A Venerable Fresh Face Goes on Tour

30 January 2012

The No. 1 question from visitors to the Rijksmuseum in Amsterdam, according to Emilie Gordenker, is “Where is ‘Girl With a Pearl Earring’?”

The problem is, this beloved Vermeer painting, the Dutch Mona Lisa, as it has been called, doesn’t reside at the national Rijksmuseum at all but some 30 miles down the road in the lesser-known Royal Picture Gallery Mauritshuis, in The Hague.

And late next year it will be in New York.

“They actually sell a postcard of ‘Girl With a Pearl Earring’ that says, ‘I’m in The Hague,’ ” explained Ms. Gordenker, who is director of the Mauritshuis gallery and was at the Frick Collection in New York this week to discuss travel plans for the painting.

For over a century “Girl” has been hanging on the walls of Mauritshuis within a 17th-century palace, alongside paintings by Rembrandt, Rubens and other top-flight masters from the Dutch and Flemish golden age. Although the painting has been popular for several centuries, it was only in 1999, when it became the subject of a best-selling novel and then a 2003 movie starring Scarlett Johansson and Colin Firth, that the image of that wide-eyed girl looking over her shoulder rose to a kind of superstar status.
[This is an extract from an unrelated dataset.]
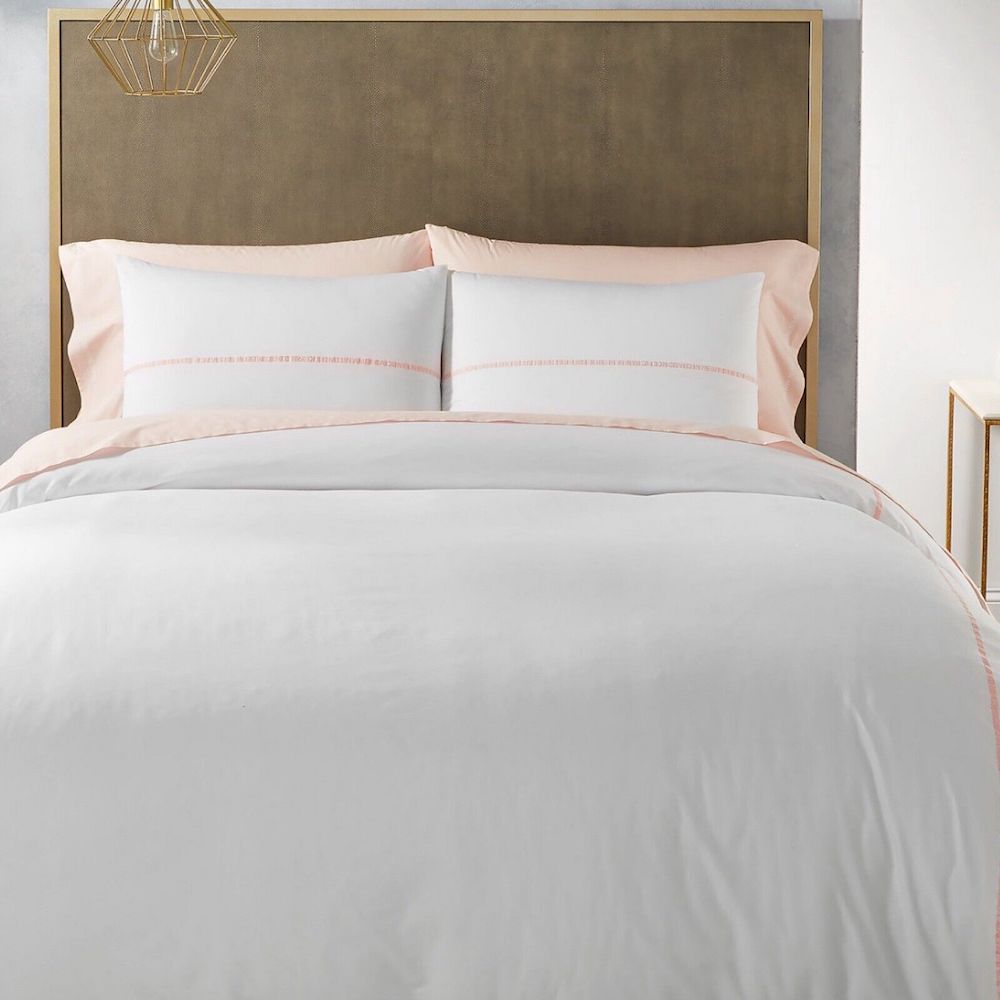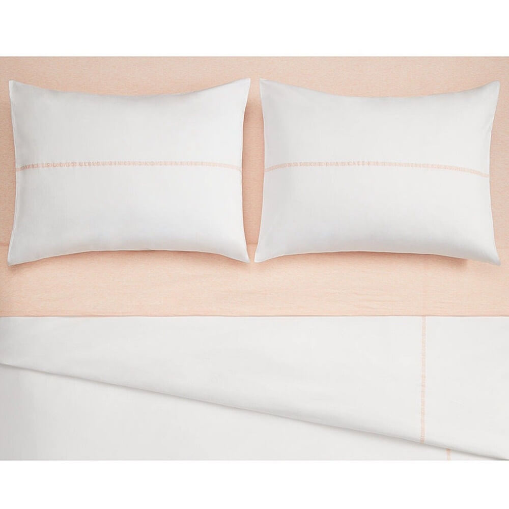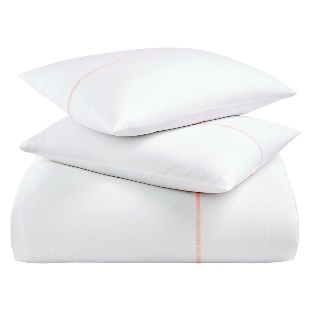 A minimalist duvet set with trim accents echoing Calvin Klein’s iconic American design heritage: CALVIN KLEIN EST. 1968 DESIGNED IN AMERICA NYC 205 W39 ST. Pink woven logo detail adorns the right side of the duvet and the center of the shams.

But the Mauritshuis is closing for renovation in April, and “Girl,” last seen in New York nearly 30 years ago, will be the chief attraction in “Vermeer, Rembrandt and Hals: Masterpieces of Dutch Paintings From the Mauritshuis,” opening at the Frick on Oct. 22, 2013.

The painting appeared at the Metropolitan Museum of Art in 1984 as part of a five-year traveling show during the Mauritshuis’s previous restoration. This time the gallery will close for only two years for gentle work on its existing home as well as an expansion into an Art Deco building next door. Having the additional building will give the Mauritshuis twice as much space, including special exhibition galleries and educational space, which have been lacking.

Although the Mauritshuis building and its spectacular art collection are owned by the government, the institution itself is privately run. And while the Dutch government has contributed some funds for the renovation and expansion project, the gallery will be responsible for raising a total of about $28 million for the project. Ms. Gordenker declined to say how much she hoped the traveling exhibitions would generate, but the proceeds would go toward that financing.

The show is more than a fund-raiser, however. It is also an exercise in branding. The Mauritshuis had more than 260,000 visitors last year, but it wants to become better known around the world.